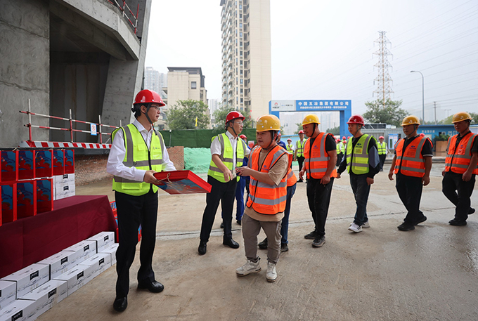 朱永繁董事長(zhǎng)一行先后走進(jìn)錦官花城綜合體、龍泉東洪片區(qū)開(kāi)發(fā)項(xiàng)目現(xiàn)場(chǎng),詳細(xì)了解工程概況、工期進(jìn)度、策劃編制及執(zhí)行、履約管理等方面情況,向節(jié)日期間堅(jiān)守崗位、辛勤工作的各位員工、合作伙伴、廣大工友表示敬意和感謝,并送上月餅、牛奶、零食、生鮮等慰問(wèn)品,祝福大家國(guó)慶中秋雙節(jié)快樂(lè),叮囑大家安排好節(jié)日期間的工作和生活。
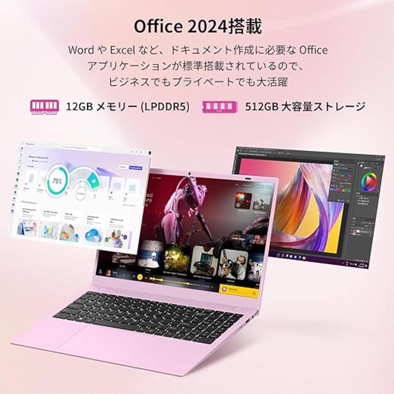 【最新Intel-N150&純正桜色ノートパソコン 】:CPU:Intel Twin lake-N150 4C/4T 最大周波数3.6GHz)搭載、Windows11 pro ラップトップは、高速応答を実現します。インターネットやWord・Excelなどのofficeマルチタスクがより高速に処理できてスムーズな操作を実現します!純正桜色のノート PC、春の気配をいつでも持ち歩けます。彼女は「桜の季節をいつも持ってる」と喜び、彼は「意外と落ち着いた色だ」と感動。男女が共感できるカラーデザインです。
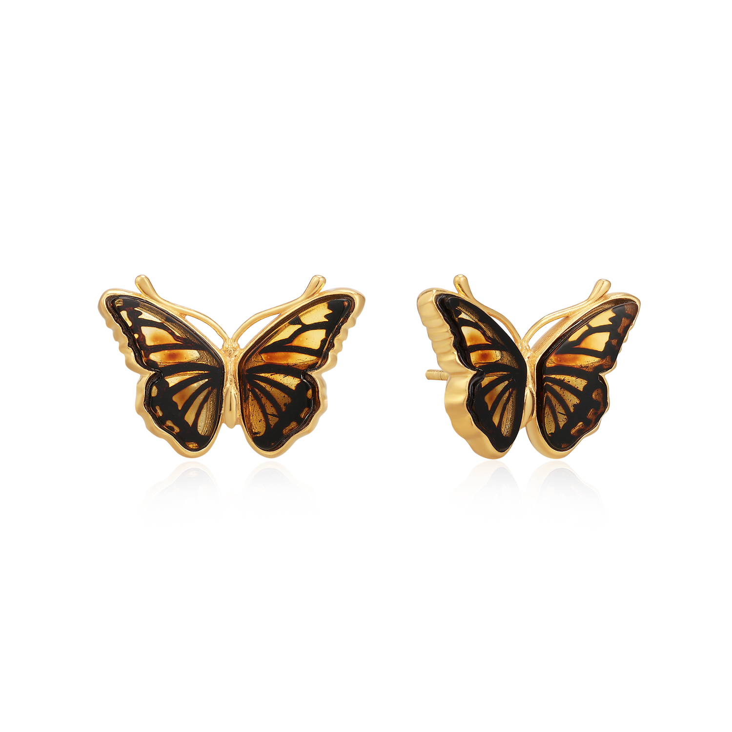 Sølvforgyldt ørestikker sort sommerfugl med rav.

────────

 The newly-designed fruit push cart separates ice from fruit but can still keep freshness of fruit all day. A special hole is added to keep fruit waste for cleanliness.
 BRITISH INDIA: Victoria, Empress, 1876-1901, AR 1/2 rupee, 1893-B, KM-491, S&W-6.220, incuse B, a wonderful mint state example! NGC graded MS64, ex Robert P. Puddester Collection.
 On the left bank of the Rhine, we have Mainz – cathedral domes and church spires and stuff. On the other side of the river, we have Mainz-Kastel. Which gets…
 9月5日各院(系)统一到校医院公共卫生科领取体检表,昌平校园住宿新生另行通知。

────────

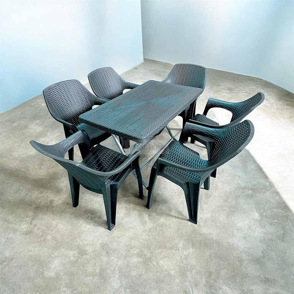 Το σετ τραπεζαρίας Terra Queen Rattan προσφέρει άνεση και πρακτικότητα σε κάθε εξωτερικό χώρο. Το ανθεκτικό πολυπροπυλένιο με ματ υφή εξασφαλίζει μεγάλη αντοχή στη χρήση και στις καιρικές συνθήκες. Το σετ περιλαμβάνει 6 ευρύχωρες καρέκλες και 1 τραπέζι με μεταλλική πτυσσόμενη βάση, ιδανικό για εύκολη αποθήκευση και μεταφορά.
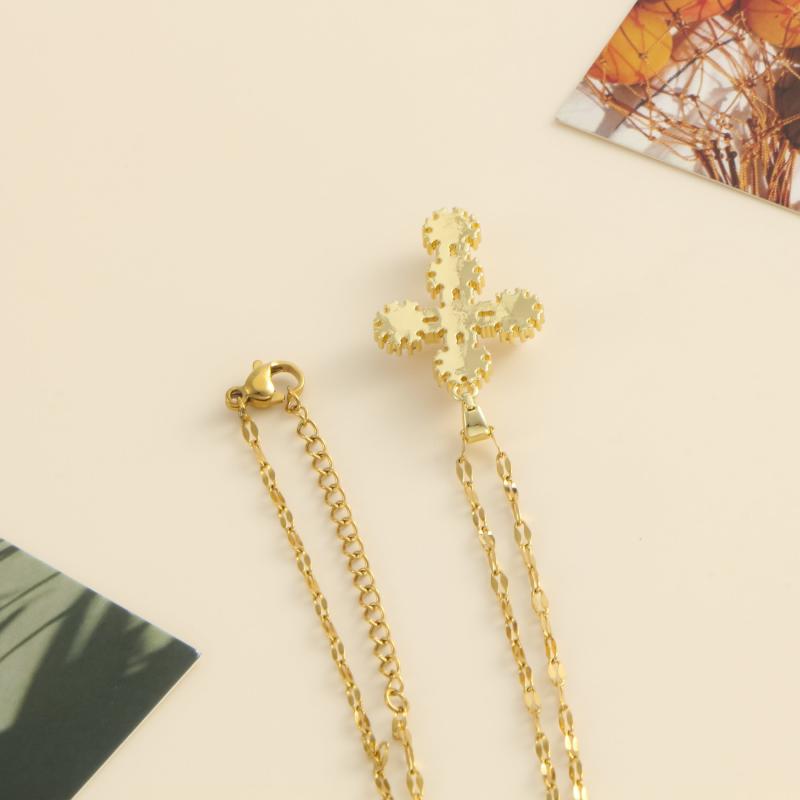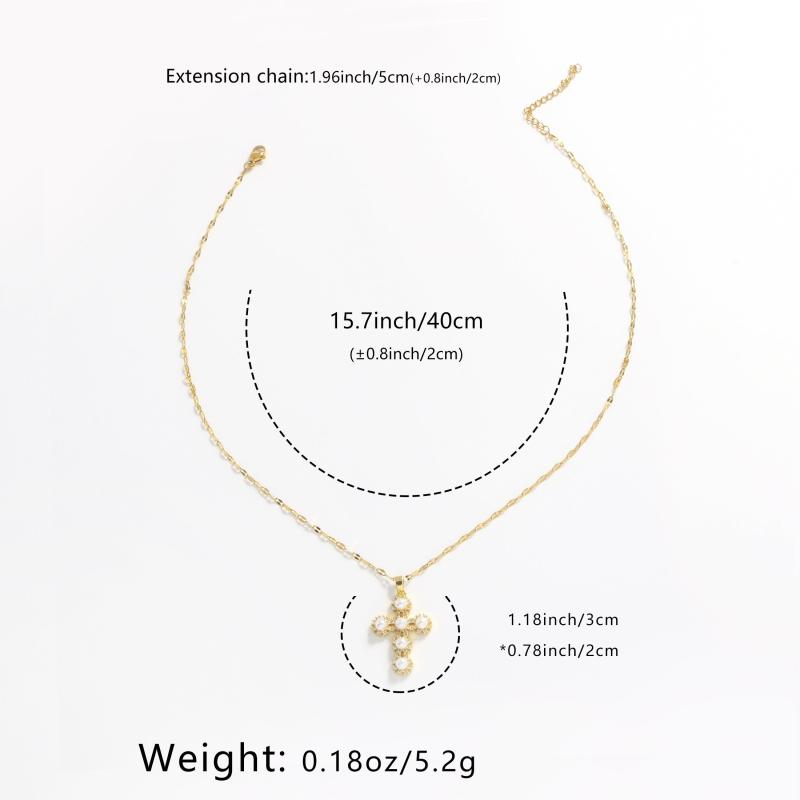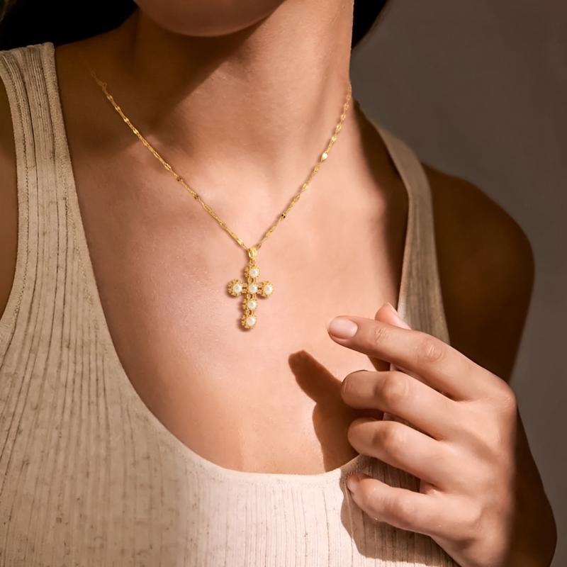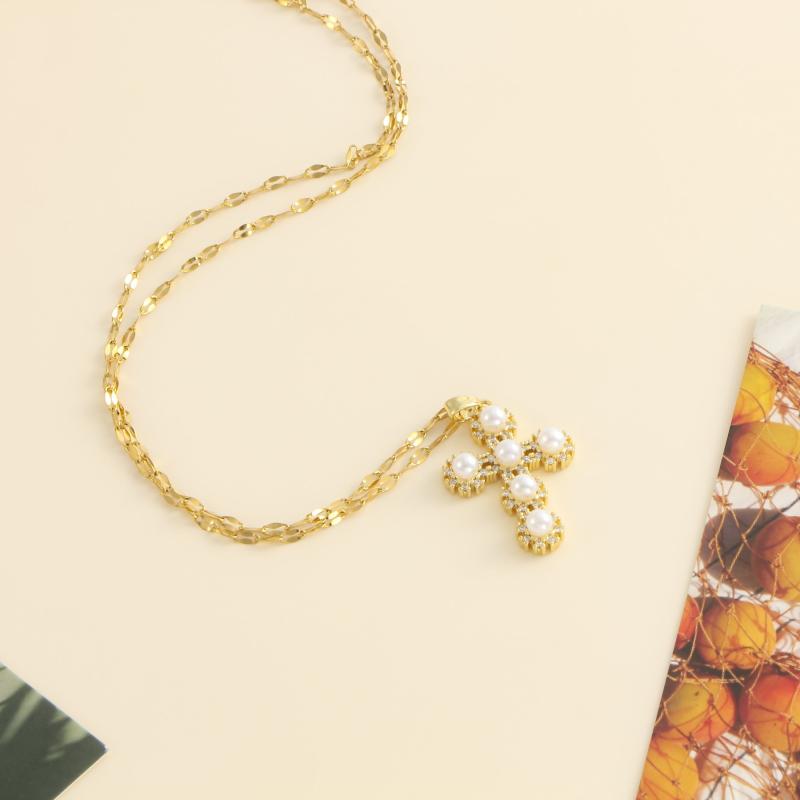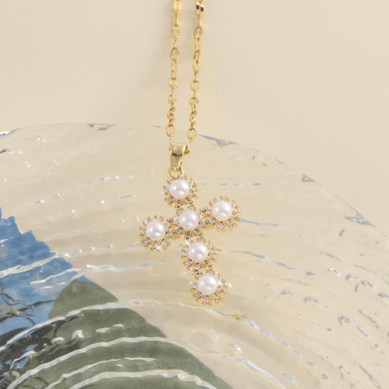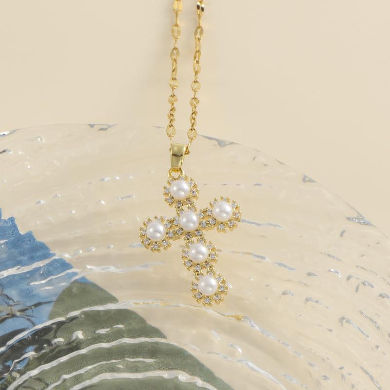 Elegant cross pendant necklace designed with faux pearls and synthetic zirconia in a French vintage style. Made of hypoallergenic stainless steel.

────────

- **Goal of the exercise**:
In the material above, transcribe exactly the lines beginning at the one with "BRITISH INDIA: Victoria, Empress, 1876-1901, AR" and ending at the one with "On the left", both included.

- **Output below**:
 BRITISH INDIA: Victoria, Empress, 1876-1901, AR 1/2 rupee, 1893-B, KM-491, S&W-6.220, incuse B, a wonderful mint state example! NGC graded MS64, ex Robert P. Puddester Collection.
 On the left bank of the Rhine, we have Mainz – cathedral domes and church spires and stuff. On the other side of the river, we have Mainz-Kastel. Which gets…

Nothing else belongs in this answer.